Situated at the foot of the Pincian Hill, Piazza di Spagna is a splendid eighteenth-century square surrounded by ochre-coloured buildings, luxury shops, important house-museums and old cafès.
Among the most evocative squares in Rome, Piazza di Spagna owes its name to the Palazzo di Spagna, seat of the Embassy of Spain to the Holy See.
Seen from above, the square has an unusual butterfly plan formed by two triangles with a single common vertex. At the centre is the Barcaccia, “Fountain of the Ugly Boat”. It is one of the most original fountains of the city and was sculpted by Pietro Bernini for Pope Urban VIII to immortalise a boat deposited in the square when the River Tiber flooded in 1598. The apparently derogatory name derives from the “barcacce”, boats used in the nearby port of Ripetta for the transport of wine.
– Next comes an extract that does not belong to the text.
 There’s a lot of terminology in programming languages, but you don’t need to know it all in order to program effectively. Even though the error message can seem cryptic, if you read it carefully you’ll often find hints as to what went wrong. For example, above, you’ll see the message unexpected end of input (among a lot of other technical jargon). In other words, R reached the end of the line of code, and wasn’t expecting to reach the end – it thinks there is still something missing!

The most distinctive feature in this corner of Rome, however, is the magnificent set of steps designed by Francesco De Sanctis in 1725, with the imposing Trinità dei Monti church at the top. In front of the church stands the Sallustiano Obelisk, a Roman copy,moved here by Pope Pius VI: on clear days, it is a good point from which to see, further out, the obelisk of S. Maria Maggiore on Via Sistina.
Two identical eighteenth-century buildings stand either side of the steps. At number 26, on the right, is the Keats-Shelley House, the last place where the English poet John Keats lived before he died at the age of only twenty-five. This museum is home to one of the most important collections of romantic literature and a large collection of manuscripts and works of art.
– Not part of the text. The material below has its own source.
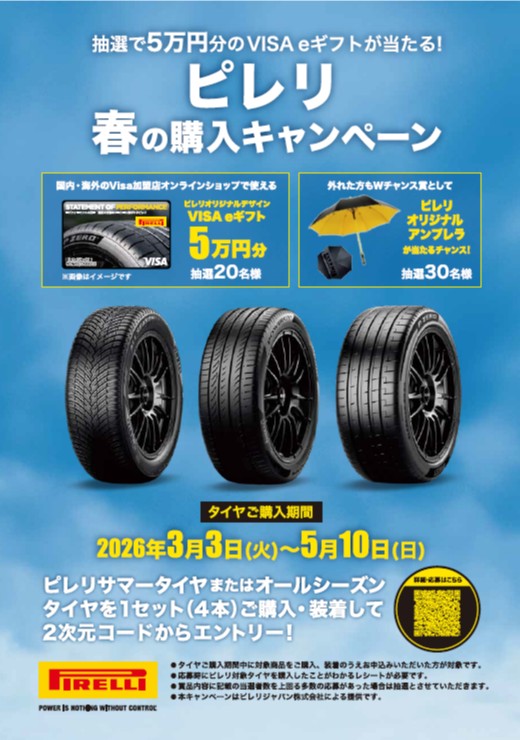 2026年3月3日(火)~5月10日(日)にピレリ取扱い各店(一部店舗・商品を除く)にて

Further to the right, towards Via Frattina, stands the imposing column of the Immaculate Conception, designed by the architect Luigi Poletti. On the left of the steps is Babington’s Tea Room, the venue that best popularised the drinking of tea in Rome.
From Piazza di Spagna leads the luxurious Via dei Condotti, on what was formerly known in the sixteenth century as “Via Trinitatis”. Here, at number 86, is Antico Caffè Greco, the second oldest café in Italy after the Florian in Venice. Founded in 1760 and a meeting place for artists and writers, it is the largest private art gallery open to the public in the world.
Last but not least, is another house-museum, that of Giorgio de Chirico, which can only be visited by appointment. In this seventeenth-century building, where the painter lived for thirty years with his wife, is a large exhibition with everything from self-portraits to the neo-metaphysical works of his later life.